Enhanced hierarchical clustering with BERTopic-style merged-cluster keyword tooltips.

Documentation

Updated documentation to explain that Heatmap and Bar Chart visualise the same topic–word weight matrix.

Visualisation

Added top-word hover tooltips across all visualisations for clearer topic interpretation.
Standardised global topic colour scheme across all charts. The automated marker colours are determined by golden-ratio hue jumping + lightness alternation
Reduced number of displayed terms in plots to prevent hidden tick labels; added hover-based x-axis details where needed.
Unified Plotly font styling using Roboto/Noto Bengali; reduced margins for a cleaner layout.

Quality-Of-Life

Clarified Topic Evolution axis (document upload order) and added filenames to hover output.
Added missing loading spinner to indicate processing during analysis.

Notes

Hovering on Plotly legends is unfortunately not supported; tooltips are therefore provided directly on the plots.

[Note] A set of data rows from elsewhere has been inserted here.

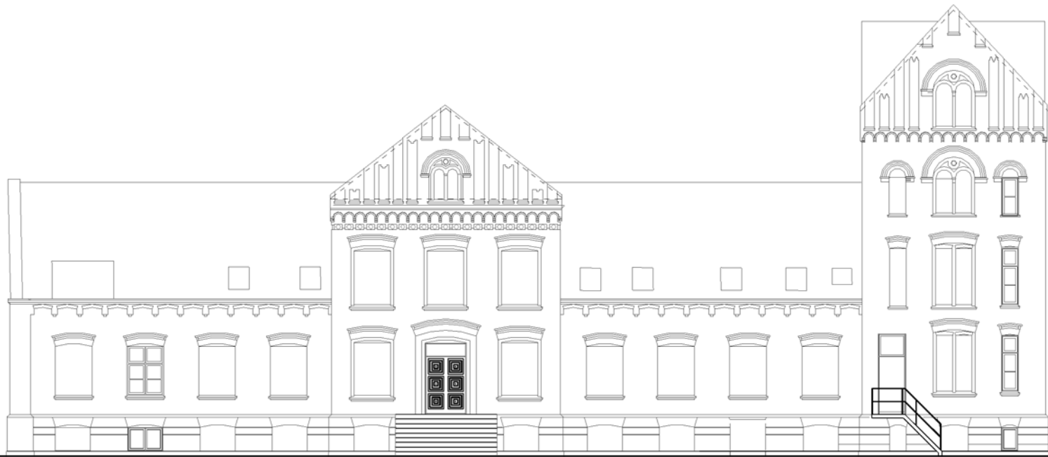
Eksempel på eks. vinduer i facaden
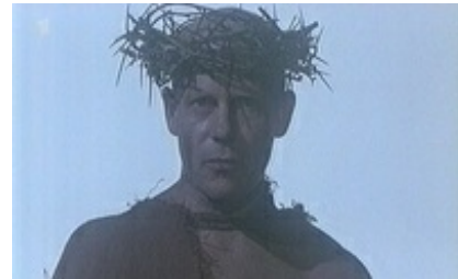
Abb. 31 Still aus: Es wäre gut, daß ein Mensch würde umbracht für das Volk.
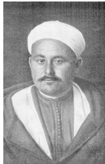
En el Rif, España encontró un formidable enemigo en Abd el Krim el Jatabi cuya rebelión contra España produjo el llamado Desastre de Annual. ("Alhucemas" de A. Muñoz Bosque)

"De Igueriben a Perejil y 75 laureados", no solo estudia con detalle la marcha de los acontecimientos en las dos regiones citadas, sino que, en el caso del Rif, se hace una
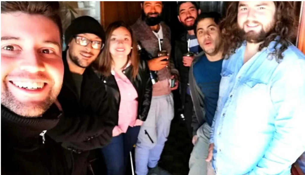
Radio cristal del uruguay 1470am catalogo
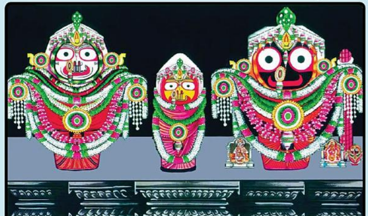
ଶ୍ରୀମନ୍ଦିରରେ ଶ୍ରୀବିଗ୍ରହମାନଙ୍କ ଦୈନନ୍ଦିନ ଅନୁଷ୍ଠିତ 'ବଡ଼ସିଂହାର' ବେଶ

ତା ୩୦.୭.୨୩ ରିଖ ରବିବାର ଆଷାଢ଼ ଶୁକ୍ଳ ଦ୍ଵାଦଶୀ ଦିନ ଶ୍ରୀମନ୍ଦିରରେ ଶ୍ରୀଗରୁଡ଼ ଶୟନ ନୀତି ଅନୁଷ୍ଠିତ ହୋଇଥିଲା । ଶ୍ରୀଗୁରୁଡ଼ଙ୍କର ମହାସ୍ନାନ ସାମଗ୍ରୀ ପର୍ବଯାତ୍ରା ଯୋଗାଣିଆ ଯୋଗାଇଥିଲେ । ନିମ୍ନଲିଖିତ ସେବକମାନଙ୍କ ଦ୍ଵାରା ଏହି ନୀତି କାର୍ଯ୍ୟ ସମ୍ପନ୍ନ ହୋଇଥିଲା ଯଥା- ପର୍ବଯାତ୍ରା ଯୋଗାଣିଆ, ପୂଜାପଣ୍ଡା, ସୁଦୁସୁଆର । ଏହି ଦିନ ସନ୍ଧ୍ୟା ଧୂପ ସରିବା ପରେ ଗରୁଡ଼ଙ୍କ ଠାରେ ପର୍ବଯାତ୍ରା ଯୋଗାଣିଆ ଦେଇଥିବା ମହାସ୍ନାନ ସାମଗ୍ରୀ ସୁଦୁସୁଆର ପୂଜାଠା କରିବା ପରେ ଜଣେ ପୂଜାପଣ୍ଡା ମହାସ୍ନାନ ବଢ଼ାଇଥିଲେ । ତାହାପରେ ଶୀତଳ ଭୋଗ କରି ଆଳତି ବନ୍ଦାପନା କରାଯାଇଥିଲା । ●
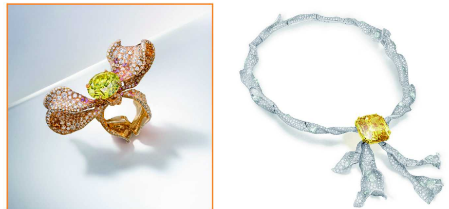
(左) CINDY CHAO 艳彩黄钻缎带戒指 (右) CINDY CHAO 88.88 克拉艳彩黄钻套链
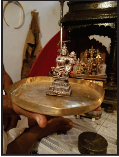
ಶ್ರೀ ರಾಯರ ಮಠದ ಶ್ರೀ ಪಾದರು ಶ್ರೀ ವಿದ್ಯಾಭಾಸ್ಕರತೀರ್ಥರ ಪೂರ್ವಾಶ್ರಮದ ಪೂರ್ವಜರಿಗೆ ಕೊಟ್ಟ ಶ್ರೀಪಟ್ಟಾಭರಾಮ ದೇವರು
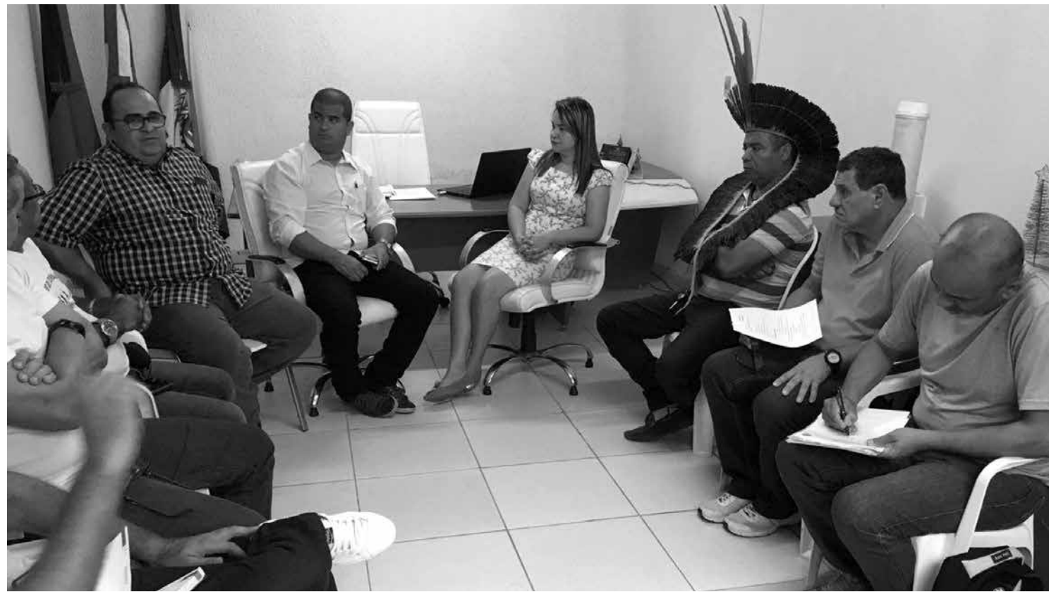
Representantes de tribos indígenas estiveram na Sejel-PB, ocasião em que discutiram com o Governo a realização da competição

Agora chegou a hora. Os jogadores estão supermotivados e o bom início no Paraibano, onde lidera a competição depois de cinco rodadas, anima o torcedor. E o fato de estreiar fora de casa contra o América, no Castelão, não assusta o torcedor. Todos estão confiantes em conquistar uma vitória para apagar as más participações. Ano passado, na estreia, perdeu de 2 a 1 para o Sport jogando no Almeidão. No ano anterior, derrota também em casa, desta vez para o River. Em 2014 empatou em casa com o Sport. Como se vê nenhuma vitória na primeira rodada. Estreando fora, quem sabe se o Belo não quebra o tabu de não vencer na primeira rodada. A diretoria formou, mais uma vez, um bom elenco e vamos torcer para que seja o ano do Botafogo na Copa do Nordeste e no Campeonato Brasileiro. Além de buscar uma grande performance na Copa do Nordeste, o Botafogo tem uma aspiração maior nesta temporada: o acesso à Série B do Campeonato Brasileiro que esteve tão perto no ano passado. É dia de torcer pelo Belo e que venha a primeira vitória.
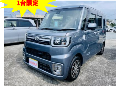
トヨタ ピクシスメガ660G ターボSA II
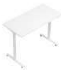
Composition 2 Dim : L. 160 x P. 80 x 65/130 cm
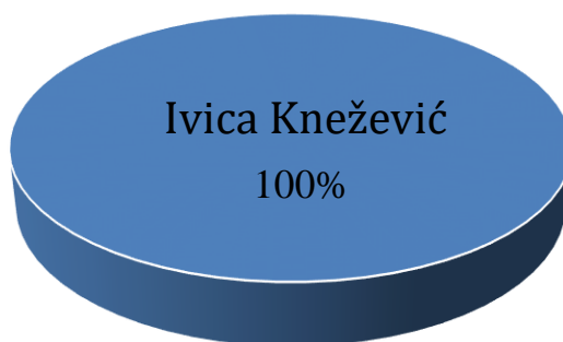
Vlasnička struktura prije i nakon mjera restrukturiranja

Tvrtka I.G.K. RECIKLAŽA d.o.o. je u 100%-tnom privatnom vlasništvu, a vlasnik je Ivica Knežević. Nakon restrukturiranja vlasnička struktura tvrtke neće se mijenjati. U nastavku se nalazi grafički prikaz vlasničke strukture prije i nakon mjera restrukturiranja.
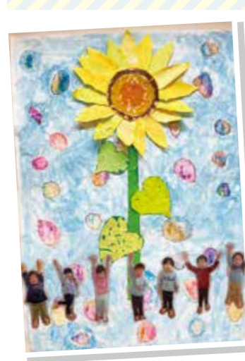
ひまわり組さん(2歳児)
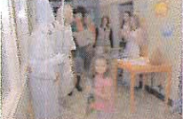
Díky studentům SZS Přibram mohly děti hospitalované v přibramské nemocnici oslavit Mikuláš.
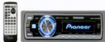
Radio CD player

These changes significantly improve clarity, consistency, and user experience in the visualisation interface.

Features

Upload & Preprocessing

Upload up to 800 UTF-8 encoded .txt files at once (maximum total size: 100MB)
Corpus size and token thresholds enforced to ensure browser responsiveness
Preprocessing controls include:
- Standard + custom Bengali stopwords
- no_below and no_above frequency thresholds
- Top-N% most frequent tokens filter
- N-gram selection: unigrams, bigrams, trigrams
- Dictionary-based stemming

Dictionary-Based Stemming (v1.1.0)

Replaces earlier rule-based suffix stripping
Offers better semantic interpretability and topic-word clarity

Topic Modelling

Gensim's LdaMulticore implementation for fast, multicore topic modelling
Tunable parameters:
- Number of topics
- Passes and iterations
- Alpha and Eta priors
- Chunk size
- Minimum probability threshold

Visualisations (Tabbed UI)

Visualisations Tab: Bar chart, scatter plot, pie chart, heatmap, topic-word network graph
Report Tab: Training summary, top tokens, topic prevalence, representative documents
Downloads Tab: Export results as CSV and TXT
Guide Tab: Step-by-step interpretive instructions

Topic-Document Drilldown

Per-topic list of most representative documents
Context-aware sentence preview
Topic label and confidence indicator

Design Principles

Mobile-friendly and responsive layout

Documentation

anvay includes a fully integrated documentation panel accessible from the interface itself. The documentation is designed not merely as technical reference, but as a pedagogical aid that walks users through each stage of the topic modelling process — from corpus preparation and parameter selection to result interpretation. It explains preprocessing choices (e.g. stopword filtering, n-gram selection, stemming) in clear language, and provides visual examples and tooltips to guide first-time users. The documentation also includes a walkthrough of a sample run, highlighting what users can expect from the model outputs. Importantly, the documentation assumes no prior knowledge of machine learning, making anvay accessible to students, scholars, and corpus curators working with Bengali texts.

Screenshots

Upload interface screenshot

Documentation interface screenshot

Visualization interface screenshot

Report interface screenshot

Technical Stack

Backend: Python (Flask), Gensim, NLTK, NetworkX, Scikit-learn
Frontend: Bootstrap, jQuery, Plotly, Bokeh, Seaborn
Deployment: Designed to be hosted on a university or personal server (e.g., via Gunicorn)

Installation

anvay has been tested with Python 3.9-3.11 and Gensim 4.3.x.
Two installation methods are provided:

Standard installation (virtual environment)
Docker-based installation

Option 1: Standard installation (virtual environment)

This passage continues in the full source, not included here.